Task description: Each line below is to be copied exactly; images do not go into the copy.

#### Stored data ####

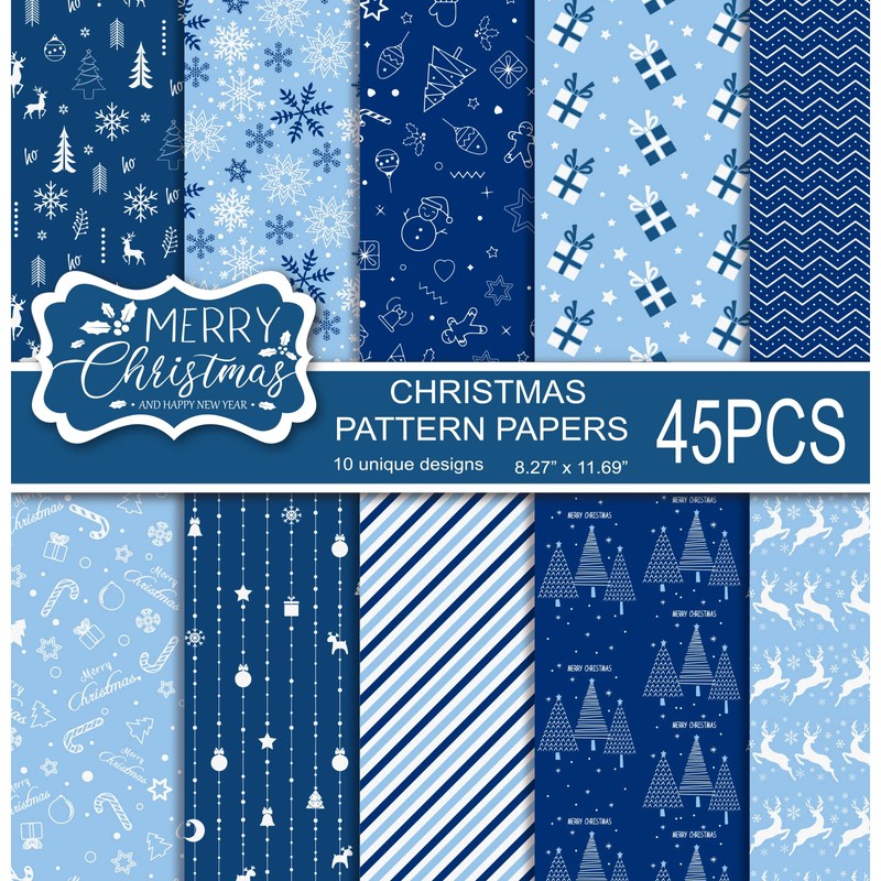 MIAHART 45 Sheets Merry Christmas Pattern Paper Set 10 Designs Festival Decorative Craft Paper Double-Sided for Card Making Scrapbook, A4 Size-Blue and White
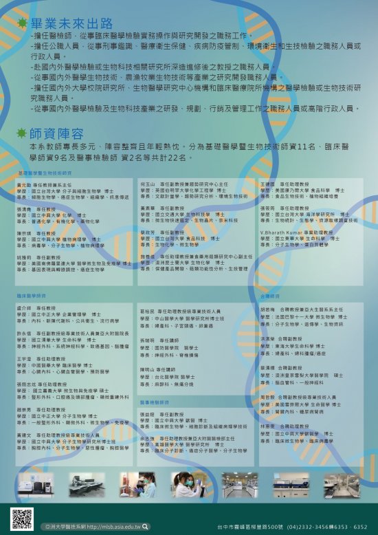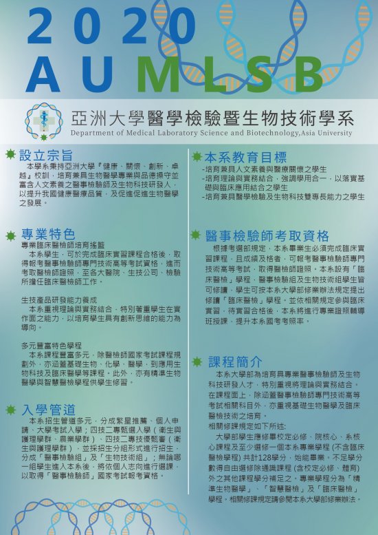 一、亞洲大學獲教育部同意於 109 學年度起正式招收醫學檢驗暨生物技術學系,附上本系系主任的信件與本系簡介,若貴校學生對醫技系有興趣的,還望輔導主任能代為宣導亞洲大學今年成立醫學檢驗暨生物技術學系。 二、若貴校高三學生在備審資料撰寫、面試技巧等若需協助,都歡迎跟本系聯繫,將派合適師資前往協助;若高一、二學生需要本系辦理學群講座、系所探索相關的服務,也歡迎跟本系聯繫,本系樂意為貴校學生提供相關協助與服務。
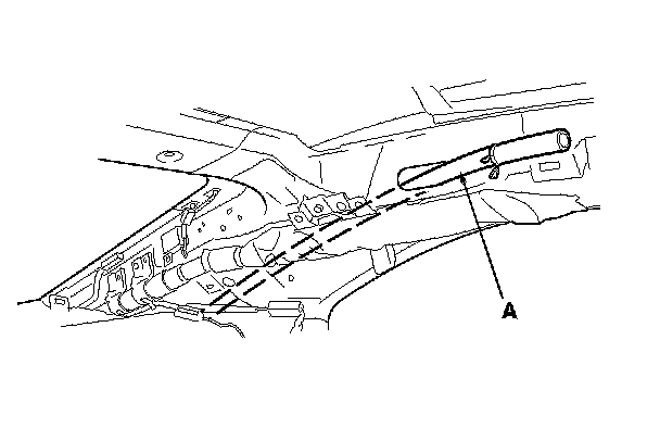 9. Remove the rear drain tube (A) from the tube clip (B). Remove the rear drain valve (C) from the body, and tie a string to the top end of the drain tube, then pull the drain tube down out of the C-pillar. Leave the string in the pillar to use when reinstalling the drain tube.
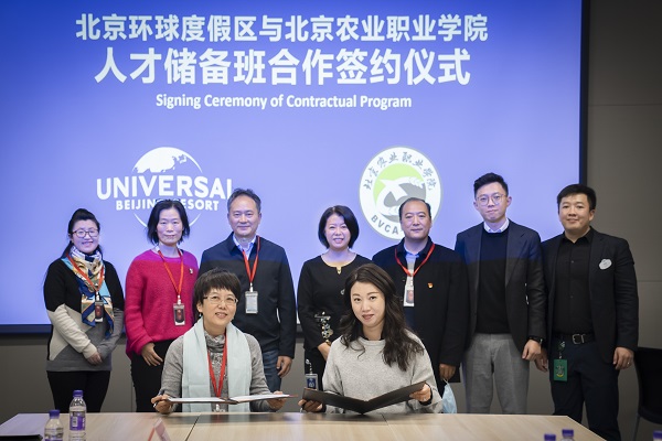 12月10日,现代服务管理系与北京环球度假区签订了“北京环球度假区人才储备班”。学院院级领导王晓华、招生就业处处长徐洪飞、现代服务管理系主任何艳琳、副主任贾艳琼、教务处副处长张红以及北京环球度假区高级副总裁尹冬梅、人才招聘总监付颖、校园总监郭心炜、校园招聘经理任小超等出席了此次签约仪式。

####

Response box:
 MIAHART 45 Sheets Merry Christmas Pattern Paper Set 10 Designs Festival Decorative Craft Paper Double-Sided for Card Making Scrapbook, A4 Size-Blue and White
 一、亞洲大學獲教育部同意於 109 學年度起正式招收醫學檢驗暨生物技術學系,附上本系系主任的信件與本系簡介,若貴校學生對醫技系有興趣的,還望輔導主任能代為宣導亞洲大學今年成立醫學檢驗暨生物技術學系。 二、若貴校高三學生在備審資料撰寫、面試技巧等若需協助,都歡迎跟本系聯繫,將派合適師資前往協助;若高一、二學生需要本系辦理學群講座、系所探索相關的服務,也歡迎跟本系聯繫,本系樂意為貴校學生提供相關協助與服務。
 9. Remove the rear drain tube (A) from the tube clip (B). Remove the rear drain valve (C) from the body, and tie a string to the top end of the drain tube, then pull the drain tube down out of the C-pillar. Leave the string in the pillar to use when reinstalling the drain tube.
 12月10日,现代服务管理系与北京环球度假区签订了“北京环球度假区人才储备班”。学院院级领导王晓华、招生就业处处长徐洪飞、现代服务管理系主任何艳琳、副主任贾艳琼、教务处副处长张红以及北京环球度假区高级副总裁尹冬梅、人才招聘总监付颖、校园总监郭心炜、校园招聘经理任小超等出席了此次签约仪式。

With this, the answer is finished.